#### THE DATA
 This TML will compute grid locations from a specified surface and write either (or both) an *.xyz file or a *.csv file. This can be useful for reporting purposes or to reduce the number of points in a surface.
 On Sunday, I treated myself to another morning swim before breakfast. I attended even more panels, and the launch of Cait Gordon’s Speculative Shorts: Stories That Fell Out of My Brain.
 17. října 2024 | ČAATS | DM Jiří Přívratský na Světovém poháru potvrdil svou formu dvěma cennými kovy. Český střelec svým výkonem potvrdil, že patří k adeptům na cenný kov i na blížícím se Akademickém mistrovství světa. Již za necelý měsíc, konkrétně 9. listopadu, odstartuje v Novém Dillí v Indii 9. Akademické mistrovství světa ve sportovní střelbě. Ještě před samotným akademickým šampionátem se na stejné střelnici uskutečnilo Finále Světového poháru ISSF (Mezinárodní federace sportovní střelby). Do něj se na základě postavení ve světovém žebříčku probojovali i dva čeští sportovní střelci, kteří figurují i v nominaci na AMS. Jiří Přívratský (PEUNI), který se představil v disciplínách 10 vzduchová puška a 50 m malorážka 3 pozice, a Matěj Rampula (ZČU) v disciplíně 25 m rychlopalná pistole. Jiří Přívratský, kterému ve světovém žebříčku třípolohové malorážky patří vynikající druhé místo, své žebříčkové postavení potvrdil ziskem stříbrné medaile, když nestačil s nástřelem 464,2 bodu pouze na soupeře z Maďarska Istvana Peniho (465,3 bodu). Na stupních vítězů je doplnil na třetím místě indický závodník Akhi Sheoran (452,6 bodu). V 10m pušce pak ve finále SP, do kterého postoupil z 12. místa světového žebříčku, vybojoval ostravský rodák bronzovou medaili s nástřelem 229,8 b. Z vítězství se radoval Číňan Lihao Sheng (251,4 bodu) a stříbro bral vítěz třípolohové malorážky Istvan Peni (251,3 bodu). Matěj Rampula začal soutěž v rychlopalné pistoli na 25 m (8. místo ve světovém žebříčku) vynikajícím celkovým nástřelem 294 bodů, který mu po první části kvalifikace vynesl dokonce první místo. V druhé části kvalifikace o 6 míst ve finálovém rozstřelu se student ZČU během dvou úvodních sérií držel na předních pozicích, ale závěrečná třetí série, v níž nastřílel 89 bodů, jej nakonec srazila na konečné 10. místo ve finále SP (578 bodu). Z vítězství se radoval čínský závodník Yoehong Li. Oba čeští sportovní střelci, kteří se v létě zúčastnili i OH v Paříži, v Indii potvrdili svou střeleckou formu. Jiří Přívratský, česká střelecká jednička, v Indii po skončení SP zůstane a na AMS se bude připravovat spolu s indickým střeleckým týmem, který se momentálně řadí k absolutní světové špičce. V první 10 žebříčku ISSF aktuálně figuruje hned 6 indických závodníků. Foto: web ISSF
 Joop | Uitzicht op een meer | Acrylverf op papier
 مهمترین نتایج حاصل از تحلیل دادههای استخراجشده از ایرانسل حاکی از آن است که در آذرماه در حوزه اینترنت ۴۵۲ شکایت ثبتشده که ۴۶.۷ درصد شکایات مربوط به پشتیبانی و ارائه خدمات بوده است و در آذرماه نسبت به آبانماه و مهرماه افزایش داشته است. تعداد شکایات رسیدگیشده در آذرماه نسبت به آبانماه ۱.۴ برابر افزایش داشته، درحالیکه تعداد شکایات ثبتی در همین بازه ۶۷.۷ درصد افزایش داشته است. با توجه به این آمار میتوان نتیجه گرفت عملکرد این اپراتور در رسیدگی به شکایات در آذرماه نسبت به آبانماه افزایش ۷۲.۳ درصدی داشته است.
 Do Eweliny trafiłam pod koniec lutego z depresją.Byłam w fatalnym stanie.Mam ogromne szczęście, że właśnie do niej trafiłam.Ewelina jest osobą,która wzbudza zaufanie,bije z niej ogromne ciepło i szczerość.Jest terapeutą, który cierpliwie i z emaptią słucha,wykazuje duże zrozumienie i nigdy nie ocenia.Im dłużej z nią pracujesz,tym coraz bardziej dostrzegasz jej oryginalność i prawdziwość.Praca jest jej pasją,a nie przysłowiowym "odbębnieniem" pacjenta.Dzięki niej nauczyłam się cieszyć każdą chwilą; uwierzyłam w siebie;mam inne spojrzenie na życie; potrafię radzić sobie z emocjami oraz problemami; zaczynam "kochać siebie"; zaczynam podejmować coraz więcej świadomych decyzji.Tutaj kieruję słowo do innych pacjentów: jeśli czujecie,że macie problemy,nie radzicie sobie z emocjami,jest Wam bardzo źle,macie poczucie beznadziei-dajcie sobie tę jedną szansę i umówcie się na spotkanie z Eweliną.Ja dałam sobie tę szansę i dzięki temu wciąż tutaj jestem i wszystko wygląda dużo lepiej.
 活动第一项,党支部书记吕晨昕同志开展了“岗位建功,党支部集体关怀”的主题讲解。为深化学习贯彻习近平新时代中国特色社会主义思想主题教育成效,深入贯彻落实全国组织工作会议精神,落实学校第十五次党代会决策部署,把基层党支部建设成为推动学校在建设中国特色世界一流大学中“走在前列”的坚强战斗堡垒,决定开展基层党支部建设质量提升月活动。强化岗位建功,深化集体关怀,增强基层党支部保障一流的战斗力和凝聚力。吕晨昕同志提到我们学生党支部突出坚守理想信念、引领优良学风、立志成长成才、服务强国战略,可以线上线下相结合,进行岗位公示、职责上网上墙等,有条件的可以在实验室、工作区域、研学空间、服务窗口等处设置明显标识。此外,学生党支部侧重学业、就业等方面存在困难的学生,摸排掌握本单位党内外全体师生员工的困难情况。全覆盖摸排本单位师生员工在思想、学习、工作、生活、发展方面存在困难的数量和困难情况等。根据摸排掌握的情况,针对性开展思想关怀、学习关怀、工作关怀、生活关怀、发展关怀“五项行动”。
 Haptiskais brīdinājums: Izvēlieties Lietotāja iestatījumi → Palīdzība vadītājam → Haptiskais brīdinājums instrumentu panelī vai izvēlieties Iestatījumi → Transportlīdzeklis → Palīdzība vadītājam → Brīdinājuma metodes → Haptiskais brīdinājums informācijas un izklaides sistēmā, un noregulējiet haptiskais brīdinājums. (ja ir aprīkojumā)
########
▶ **EXERCISE OBJECTIVE**
All that belongs in the answer is the lines from the start of the entries above through the line containing "On Sunday, I", each given exactly.

▶ **YOUR SOLUTION**
 This TML will compute grid locations from a specified surface and write either (or both) an *.xyz file or a *.csv file. This can be useful for reporting purposes or to reduce the number of points in a surface.
 On Sunday, I treated myself to another morning swim before breakfast. I attended even more panels, and the launch of Cait Gordon’s Speculative Shorts: Stories That Fell Out of My Brain.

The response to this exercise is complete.